(Records from a data source)
***

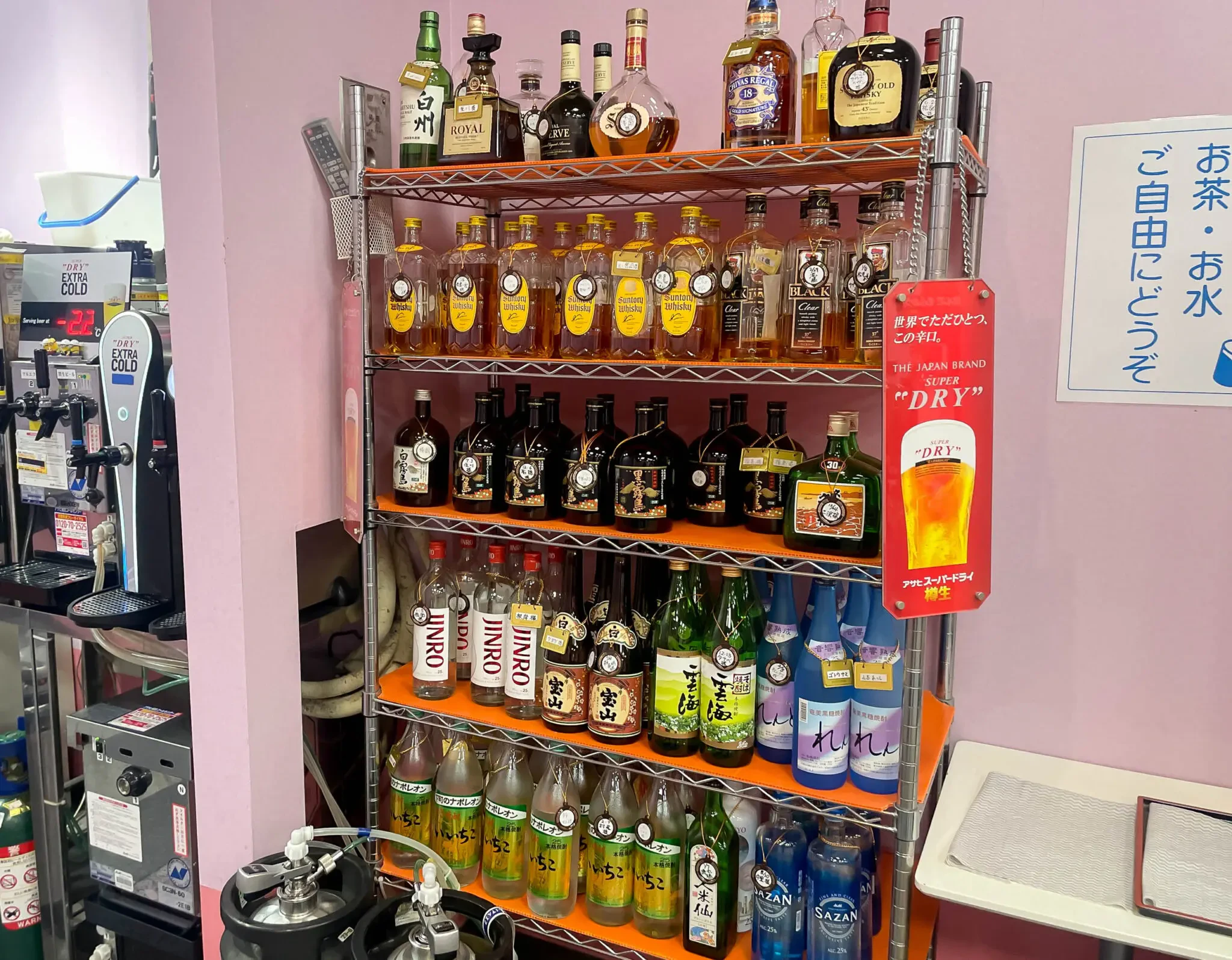 棚にはボトルキープの数々を発見。サウナブームが起こるずっと前から、男性諸君を癒し続けてきたオアシス・ニューウィングのあり方を感じさせられます。
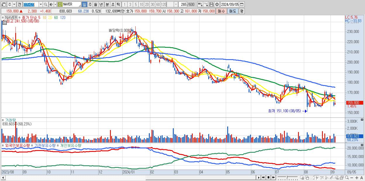- NAVER (159,800원 ▲ 1.46% , 시총: 256,934억, 거래량: 830,603, 거래대금:1,327억)
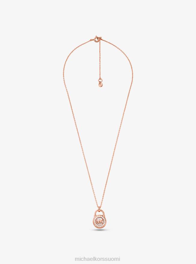 saatavana kolmella korotetulla pinnoituksella, tämä kaulakoru on valmistettu sterlinghopeasta, ja siinä on riippulukkoriipus, jossa on logomme nimikirjaimet ja jota ympäröi päällystyskoriste. Ihanteellinen lahjaksi, se on pujotettu herkästä ketjusta, jota voidaan pidentää lisäämällä pidennysainetta. käytä sitä yksin tai kerrostele sitä täydentävien tyylien kanssa.
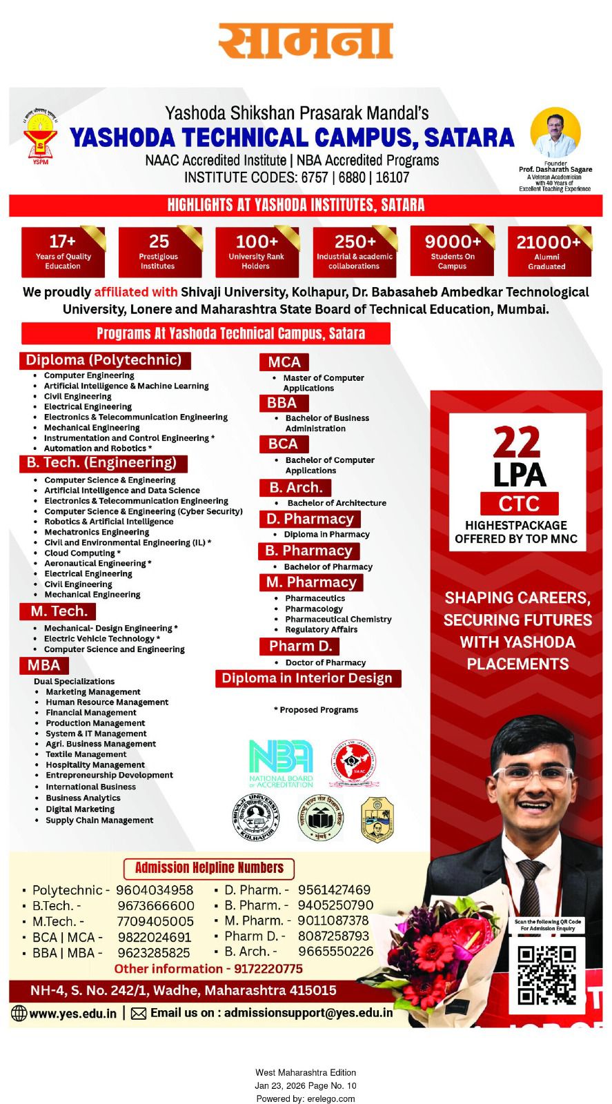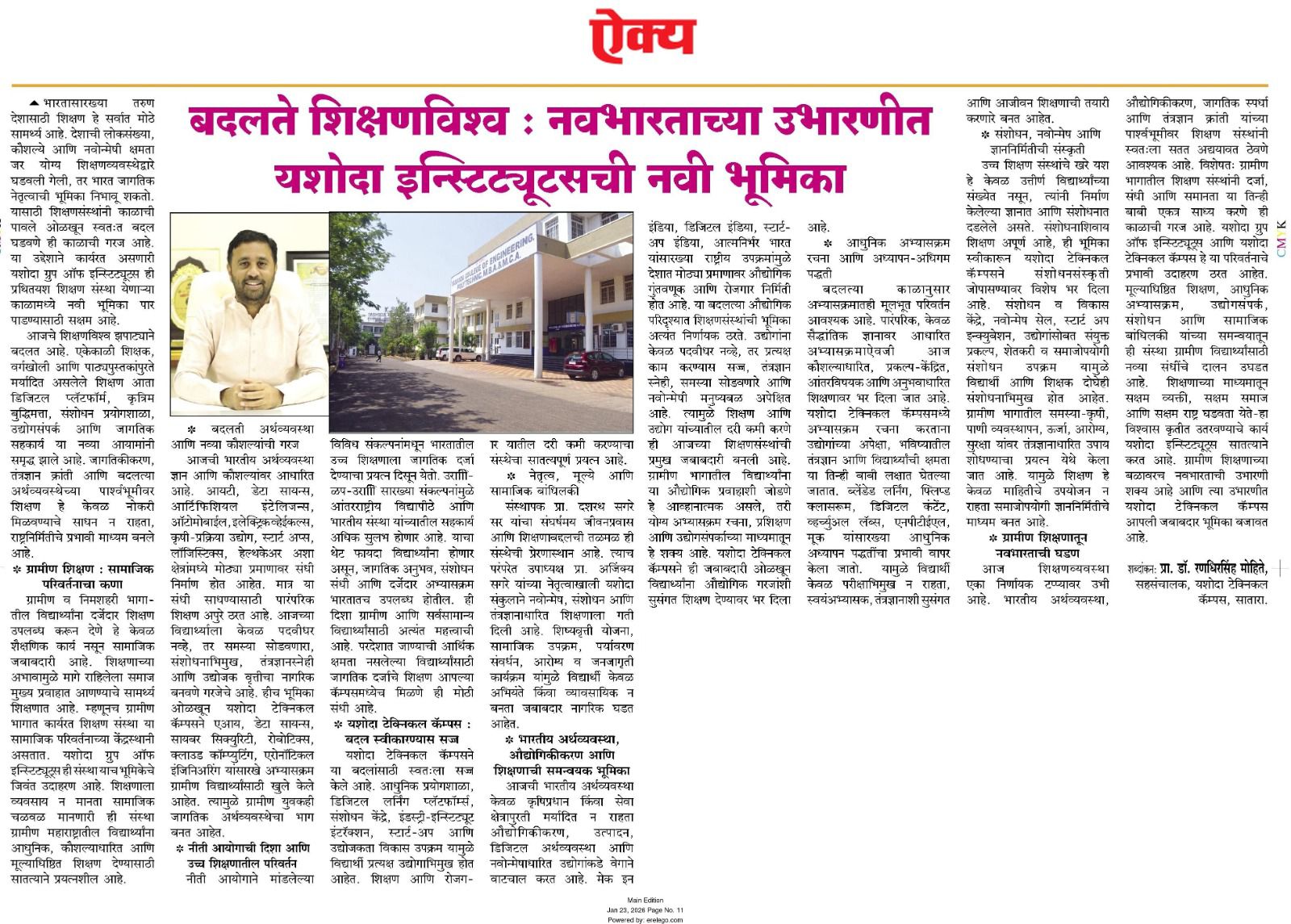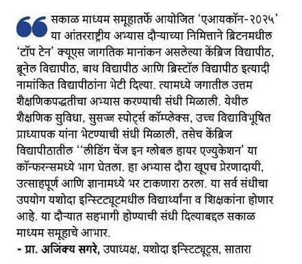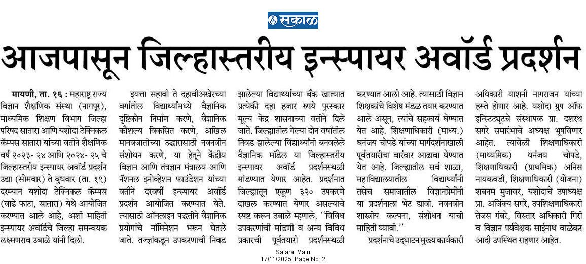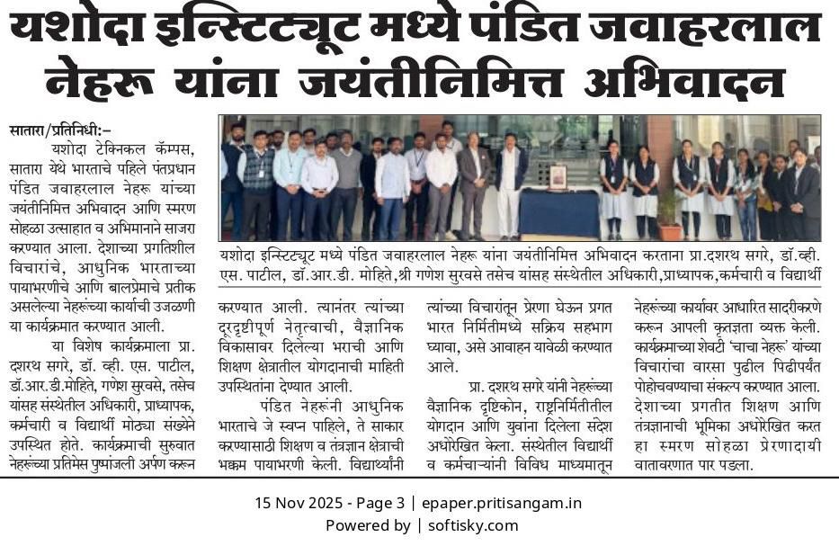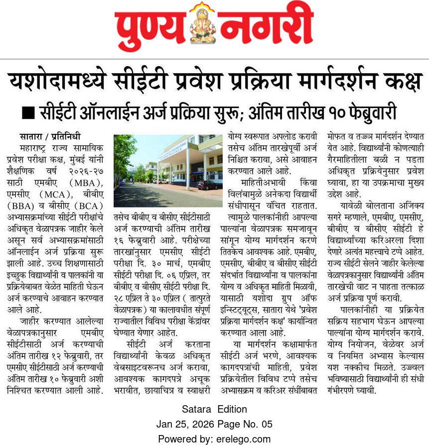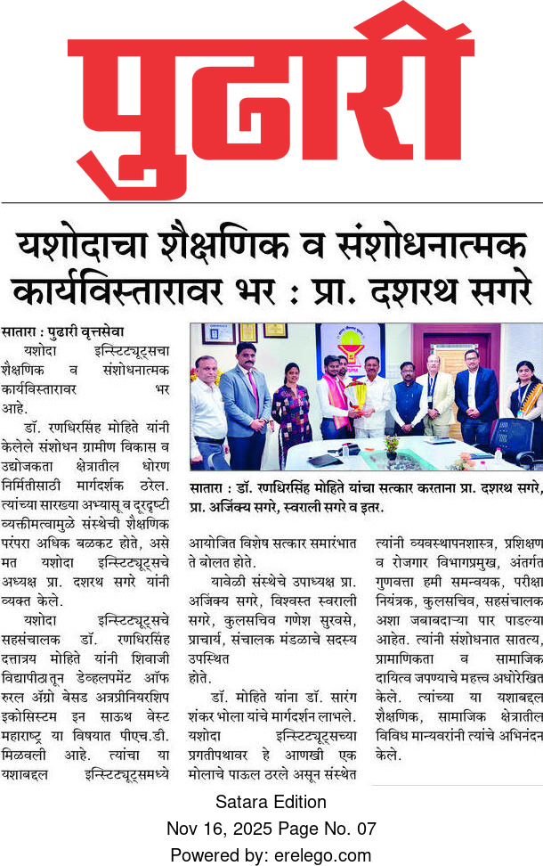 यशोदा टेक्निकल कॅम्पस चा विविध कंपन्यांशी सामंजस्य करार - https://sataranewsmediasevan.com/अग्रगण्य--यशोदा-टेक्निकल-कॅम्पस-सातारा
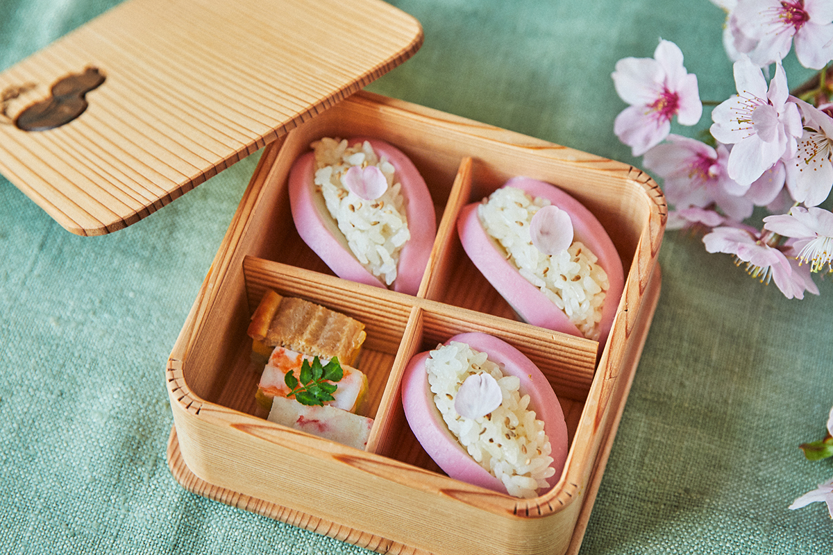 「ある日桜の下でのピクニックをしていたら、花びらがひらりとお弁当に舞い降りてきたんです。空をみても桜が満開、足元は桜の絨毯。お弁当の中もぎっしり桜色だったら素敵だなって思って。天然色素でピンクに色づけされたかまぼこは、ぴったりの食材です」(かまぼこママさん)。

***

[EXERCISE OBJECTIVE] In your copy, include every record word for word but no pictures.

[ANSWER SPACE]
 棚にはボトルキープの数々を発見。サウナブームが起こるずっと前から、男性諸君を癒し続けてきたオアシス・ニューウィングのあり方を感じさせられます。
- NAVER (159,800원 ▲ 1.46% , 시총: 256,934억, 거래량: 830,603, 거래대금:1,327억)
 saatavana kolmella korotetulla pinnoituksella, tämä kaulakoru on valmistettu sterlinghopeasta, ja siinä on riippulukkoriipus, jossa on logomme nimikirjaimet ja jota ympäröi päällystyskoriste. Ihanteellinen lahjaksi, se on pujotettu herkästä ketjusta, jota voidaan pidentää lisäämällä pidennysainetta. käytä sitä yksin tai kerrostele sitä täydentävien tyylien kanssa.
 यशोदा टेक्निकल कॅम्पस चा विविध कंपन्यांशी सामंजस्य करार - https://sataranewsmediasevan.com/अग्रगण्य--यशोदा-टेक्निकल-कॅम्पस-सातारा
 「ある日桜の下でのピクニックをしていたら、花びらがひらりとお弁当に舞い降りてきたんです。空をみても桜が満開、足元は桜の絨毯。お弁当の中もぎっしり桜色だったら素敵だなって思って。天然色素でピンクに色づけされたかまぼこは、ぴったりの食材です」(かまぼこママさん)。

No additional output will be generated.